Most Oracle database shops don't mandate security patch use

Most Oracle database shops don't mandate security patch use

Oracle, IOUG find that only 32 percent of surveyed users require patching of all or some systems

"I think probably the feeling in those organizations is that since databases are a little more isolated than the desktop, there's less of a [security] concern," he said. "A lot of people feel they're more secure because they're behind firewalls and think they have good perimeter security." That probably explains why some of the companies surveyed by the IOUG and Oracle said they had formal patching policies for their Windows systems but not their Oracle databases, added Abramson, who is director of the enterprise data group at Thoughtcorp, a consulting and IT services firm.

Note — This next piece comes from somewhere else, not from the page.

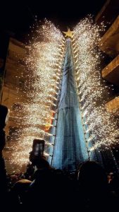 الألعاب النارية أضاءت سماء حلب عند الساعة السابعة لتضيء بعد ذلك شجرة الميلاد التي اكتست باللون الأزرق لتعلوا صيحات الحاضرين والتهليل والصفير والتصفيق معبرين عن فرحتهم بعيد الميلاد ،وتاتي احتفالات هذا العام استمرارا لاحتفالات مدينة حلب بنصرها على الإرهاب وعودة الحياة إليها بحضور محافظ حلب احيث قيم احتفال جماهيري ضمن فعالية نصر حلب في ساحة العزيزية بحلب بإضاءة أكبر شجرة عيد الميلاد. حيث قامت جمعية الجيل الجديد بنصب شجرة الميلاد وتزيين الحي وبدأ الحفل بالنشيد العربي السوري. وبين محافظ حلب ان اضاءة شجرة عيد الميلاد في حلب اليوم هي رسالة محبة وسلام من أهالي حلب للعالم أجمع وهي رسالة تحمل في مضمونها معاني الفرح والاخوة. وجاء الاحتفال بمشاركة رسمية وشعبية واسعة لاضاءة شجرة الميلاد في ساحة العزيزية وبحضور رجال الدين المسيحي والاسلامي

Amichai Shulman, chief technology officer at database security vendor Imperva, also expressed surprise about the lack of Oracle patching policies at some companies. "It's one thing to have a policy saying you don't have to patch each and every database," he noted. "It's a different thing to have no policy at all."

By the same token, Shulman also was surprised that the number of surveyed companies with policies mandating the immediate installation of Oracle's patches was as high as it was. DBAs often need more than three months to test the patches thoroughly to make sure they won't disrupt production databases, he said. And companies then need to schedule times when they can bring down servers that are running business-critical applications in order to install the patches.

"It would be irresponsible for a company to deploy a patch in production without first running it through quality assurance," Shulman said. He also recommended that users do a risk analysis of the security vulnerabilities being patched by Oracle so they can decide which of their databases should be updated first.

According to Abramson, the survey results also show that the availability of better tools or documentation for testing Oracle's patches could have an impact on how quickly companies apply them. "Understanding what is contained in these patches is really the challenge for DBAs today," he said. "It's important for administrators to understand the context in which they're presented." Otherwise, he added, the DBAs might have trouble determining how relevant individual patches are to their IT environments.

Shulman said the information that Oracle releases about its patches sometimes simply isn't sufficient for DBAs to make quick decisions about deployments. Oracle has made some improvements in that area, he said, but he still thinks that its patch documentation doesn't provide the same level of information as that of other vendors, such as Microsoft Corp.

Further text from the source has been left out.